I can't resist sharing some of the choicer specimens:
To misuse "decimate" fosters a misunderstanding of Roman history.
This comment carries the etymological fallacy to a higher place of lunacy: We cannot use the word in English to mean other than the way Tacitus used it in the Annals, because then no one could understand Roman history. This combines the etymological fallacy with the word-can-only-have-one-meaning error.*
You start a sentence with "but," a no-no.
Lincoln did in the Second Inaugural, and the KJV has innumerable sentences beginning with coordinating conjunctions, but a simplistic schoolroom dictum is easy to hold in mind for a lifetime, regardless of a mountain of evidence to the contrary.

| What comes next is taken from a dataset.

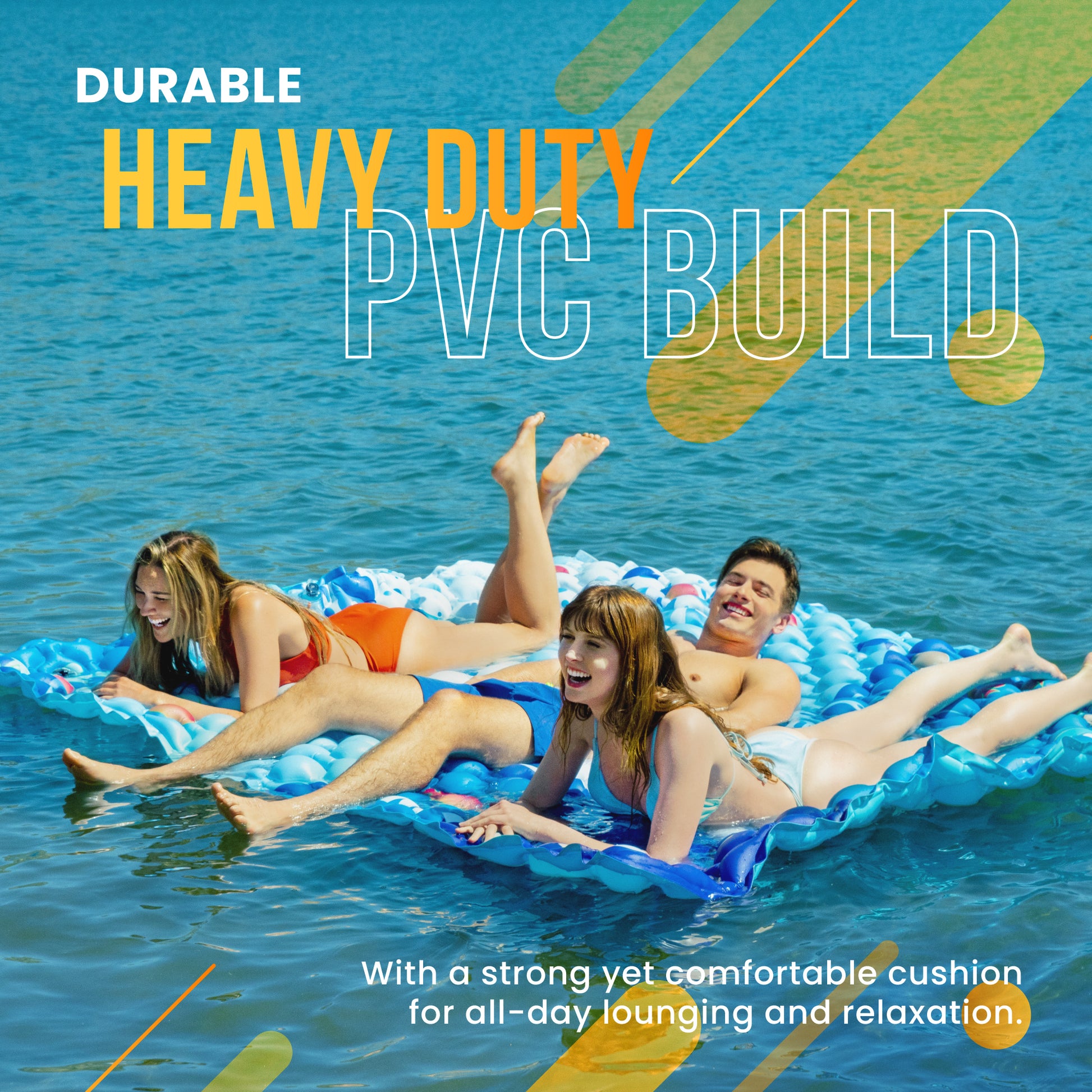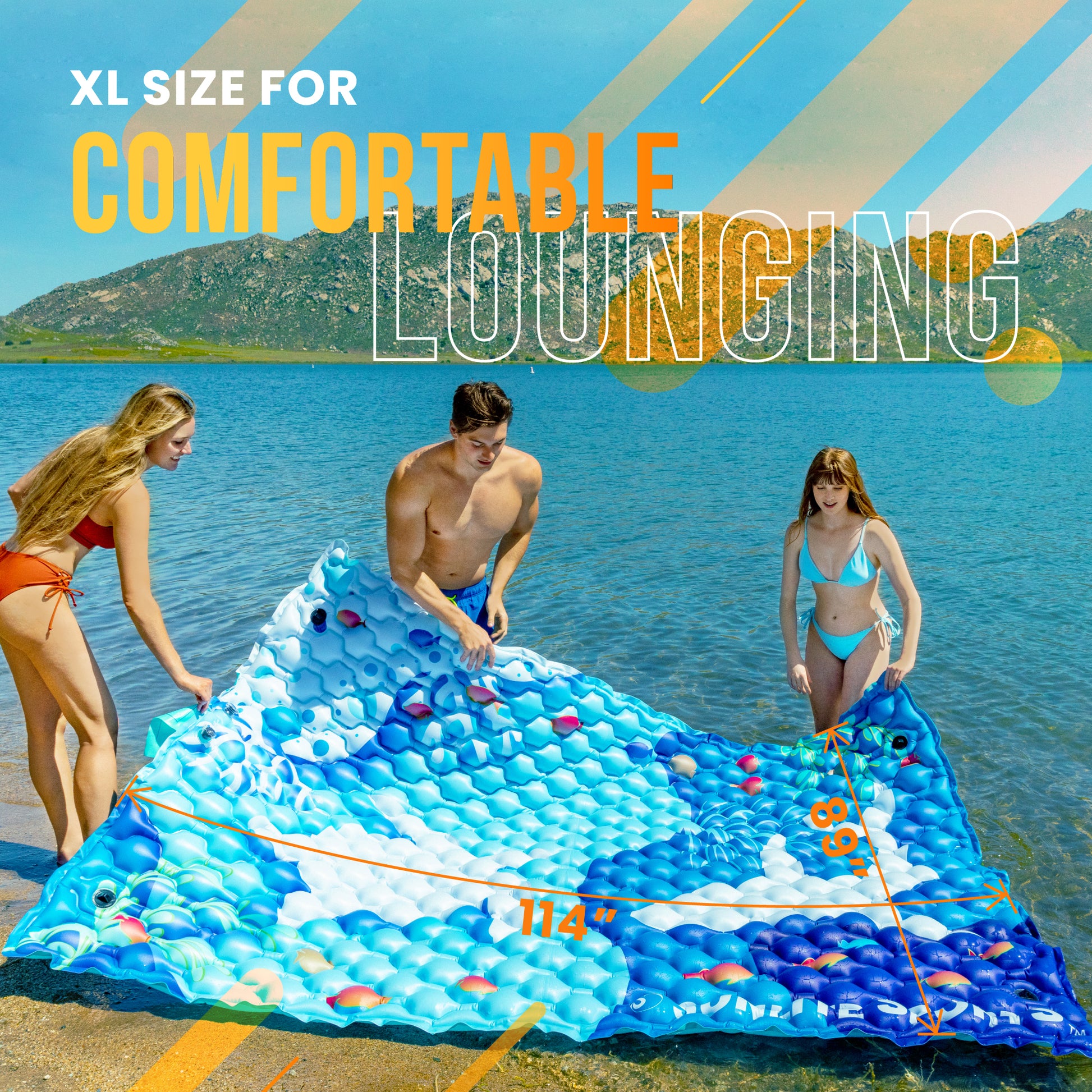 - XL SIZE FOR COMFORTABLE LOUNGING - This spacious water mattress float fits 3-4 people and is extremely comfortable. It has dimensions of 114" x 89". It features a soft and bouncy cushioning, perfect for lounging in the water and soaking up the sun.

irregardless is not a word and What does "irregardless mean and how does one use it? With the negating prefix "ir-" and the negating suffix "less", it is a double negative. It is not a synonym with "regardless."
Irregardless is very much a word, just not a word widely accepted in standard written English. So we start with the misguided and utterly mistaken attitude that standard written English is the Only One True English, all variants being illegitimate.
But here we have ignorance compounded, because while the prefix in- from Latin indicates negation, English has another version, as described by the Oxford English Dictionary: "of Germanic origin, prefixed to Old English and Middle English adjs., with intensive force ... with the sense ,'inly,' intimately,' 'thoroughly', and hence 'exceedingly', 'very'."
So with regardless, in-, by prefix assimilation becomes ir- and intensifies the sense of the word, just as inflammable does not mean "not flammable" but "very flammable."
Murphy is not spelled correctly.
If this reader and others had troubled to click on the link or to look up Muphry's Law, they would have found that it states that any article on grammar and usage will contain some error of grammar or usage.
The gentleman who speculated that Jonathon Owen does not know how to spell his own first name may have been puckish, but then again ...
 
*You placement-of-only fanatics can take a number and wait in line.